Even though we have made a speedup by using a weighted quick union data structure, there is still yet another optimization that we can do! What would happen if we had a tall tree and called find repeatedly on the deepest leaf? Each time, we would have to traverse the tree from the leaf to the root.

A clever optimization is to move the leaf up the tree so it becomes a direct child of the root. That way, the next time you call find on that leaf, it will run much more quickly. An even more clever idea is that we could do the same thing to every node that is on the path from the leaf to the root, connecting each node to the root as we traverse up the tree. This optimization is called path compression. Once you find an item, path compression will make finding it (and all the nodes on the path to the root) in the future faster.
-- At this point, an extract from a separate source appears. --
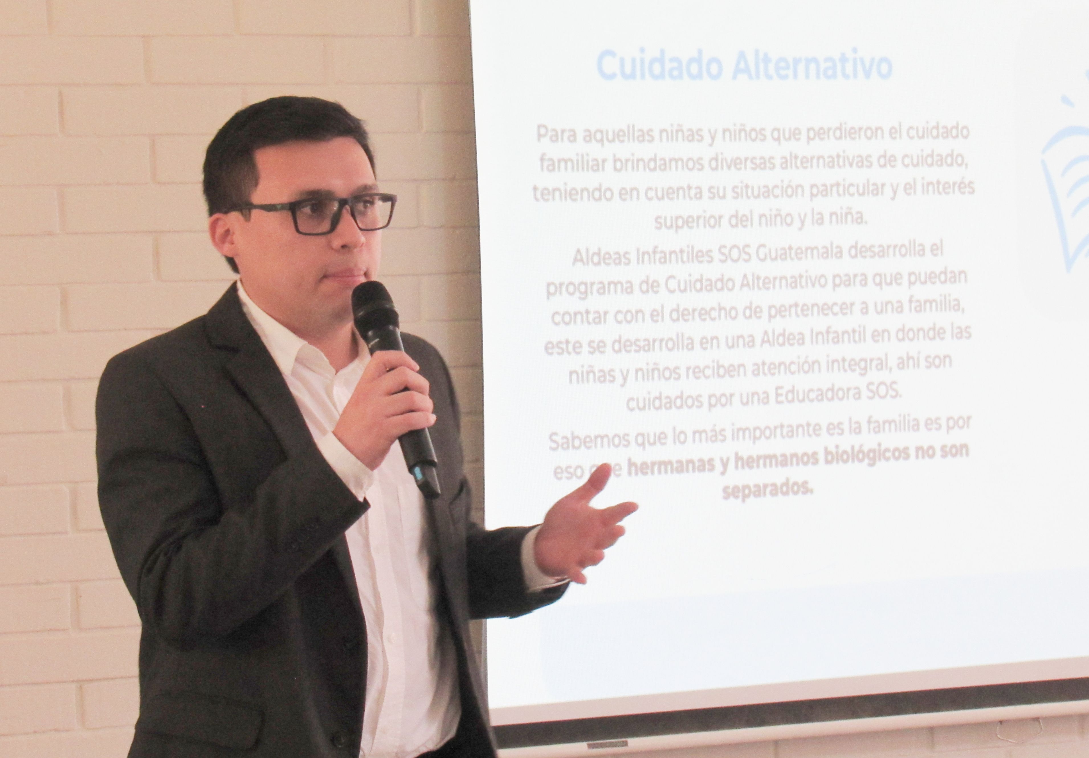 Tuvimos también el honor de escuchar al Lic. Edgar Marín, representante de Aldeas Infantiles SOS Guatemala, quien expuso el trabajo que esta organización ha desempeñado durante años en favor del bienestar y la protección integral de la niñez guatemalteca.

The runtime for any combination of $f$ find and $u$ union operations takes $\Theta(u + f \alpha(f+u,u))$ time, where $\alpha$ is an extremely slowly-growing function called the inverse Ackermann function. And by “extremely slowly-growing”, we mean it grows so slowly that for any practical input that you will ever use, the inverse Ackermann function will never be larger than 4. That means for any practical purpose, a weighted quick union data structure with path compression has find operations that take constant time on average!

It is important to note that even though this operation can be considered constant time for all practically sized inputs, we should not describe this whole data structure as constant time. We could say something like, it will be constant for all inputs smaller than some incredibly large size. Without that qualification we should still describe it by using the inverse Ackermann function.

You can visit this link here to play around with disjoint sets.

Exercise: `UnionFind`

We will now implement our own disjoint sets data structure. When you open up UnionFind.java, you will see that it has a number of method headers with empty implementations.

Read the documentation to get an understanding of what methods need to be filled out. Remember to implement both optimizations discussed above, and take note of the tie-breaking scheme that is described in the comments of some of the methods. This scheme is done for autograding purposes and is chosen arbitrarily. In addition, remember to ensure that the inputs to your functions are within bounds, and should otherwise throw an IllegalArgumentException.

Discussion: `UnionFind`

Our UnionFind uses only non-negative values as the items in our set.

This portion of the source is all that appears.